The concern that Madsen is addressing is one that arises from several other places. Looking at the second, brief account above, Joseph refers to the First Vision as “the first visitation of Angels,” and many of the apostles would refer to the First Vision in similar terms over the years. For example, George A. Smith taught in 1863 that, “When Joseph Smith was about fourteen or fifteen years old,… he went humbly before the Lord and inquired of Him, and the Lord answered his prayer, and revealed to Joseph, by the ministration of angels, the true condition of the religious world. When the holy angel appeared, Joseph inquired which of all these denominations was right…” (JD 12:333-334). Orson Pratt said in 1869 that “an obscure individual, a young man, rose up, and in the midst of all Christendom, proclaimed the startling news that God had sent an angel to him;… This young man, some four years afterwards, was visited again by a holy angel” (JD 13:65-66). William Smith—the Prophet’s brother and a leader in the RLDS community—wrote a memoir wherein he seems to have combined the First Vision with the visit from Moroni, speaking of one angel appearing in the grove and telling him the message of the Churches being wrong, and then jumps to Joseph telling the family the story, as he did with the Moroni experience (see Cheesman 170-171). Further, in most accounts, Joseph refers to the visitors as “Personages”, identifying Christ as one of them in two of the four accounts directly written by himself (the 1832 and the 1838 accounts) and God the Father is only identified the second of those two—the 1838 account. Of the five contemporary accounts, only the David Nye White and Alexander Neibaur accounts (both recorded after the 1838 account was published) identify the Personages.
The interesting thing is that most of the apostles cited above referred to the visitors as God and Christ in different moments—often citing the 1838 account. For example, Orson Pratt said in 1880 that “in the spring of 1820, before Joseph Smith was of the age of fifteen….in answer to his prayers, there was the manifestation of two of the great personages in the heavens—not angels, not messengers, but two persons that hold the keys of authority over all the creations of the universe. Who were they? God the Eternal Father and his Son Jesus Christ” (JD 21:208).

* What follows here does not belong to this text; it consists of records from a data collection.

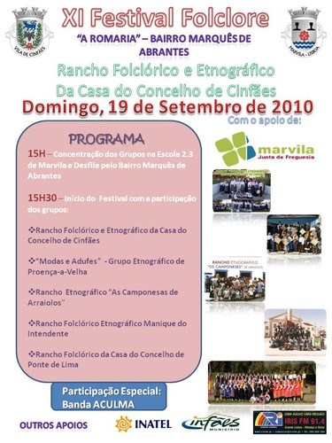 Óra cá está o nosso cartaz! Ficou bem giro! A Ana e o Duarte fizeram um excelente trabalho! Excelente vai ser também o nosso XI Festival, por isso livrem-se de faltar. Vamos ter ao nosso lado grupos folclóricos e etnográficos de grande qualidade, com os quais temos vindo a desenvolver parcerias, por isso acho que vai ser um belíssimo espectáculo. Claro que não posso deixar de referir que vai estar também presente o grupo da minha terra "Modas e Adufes - Grupo Etnográfico de Proença-a-Velha", o que significa que eu vou estar duplamente orgulhosa, não só pela bela festa que vai ser, mas também por ver representadas em simultâneo com as tradições da terra do meu marido, as minhas próprias tradições, por gente da minha aldeia.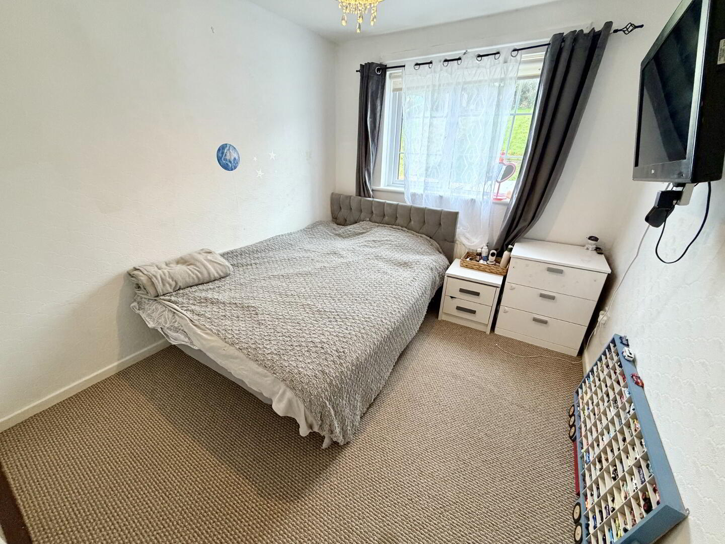 Front aspect double bedroom with built-in wardrobe and carpet flooring.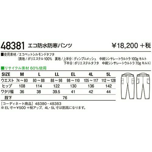 他の画像を見る 自重堂 パンツ 防寒パンツ ワークパンツ 防寒 ズボン 保温 人気 安い 防寒着 おしゃれ 暖かい 秋冬用 最強 かっこいい 作業着 おすすめ ワーク マン メンズ カジュアル 定番 寒さ対策 防寒ウェア 屋外作業 屋内作業 あったか シンプル 48381 特別価格 ¥ 11,473 税込 〜 特別価格 ¥ 税込 耐水圧10,000 mm+ シンサレートウルトラ使用のハイブリッドエコ防水防寒。 軽量ながら十分な温かさをキープしたエコ防水防寒。中綿にシンサレートウルトラを使用。 詳細を見る お気に入りに登録する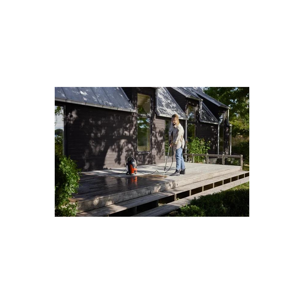 Wygodna, mała, lekka i intuicyjna w obsłudze elektryczna myjka ciśnieniowa zapewniająca bezproblemową obsługę i niewielkie rozmiary. Idealna do mycia samochodu, mebli ogrodowych.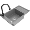 Mexen Elias Granitspüle 1-beckig mit Abtropffläche und Küchenarmatur Elia, schwarz/silber metallic - 6511-73-670101-70

All of this has led to some to state that there was some confusion over who appeared to Joseph in 1820. Why would apostles and even Joseph himself refer to the personages in the vision as angels when they identified them as God the Father and Jesus Christ?
Mormon historian Milton V. Backman has offered his explanation as to why it was so:
Apparently, in his discussions with some nonmembers, the Prophet hesitated to identify the personages who had appeared to him.
Following his sacred experience of 1820 the young prophet was persecuted for telling others that he had seen a vision and was visited by two glorious personages. Recognizing that many would not accept nor appreciate this sacred experience, Joseph Smith was cautious about that which he related to others. Summaries of this event addressed to nonmembers and related before and after the Prophet had identified the personages do not always mention that the Father or the Son appeared.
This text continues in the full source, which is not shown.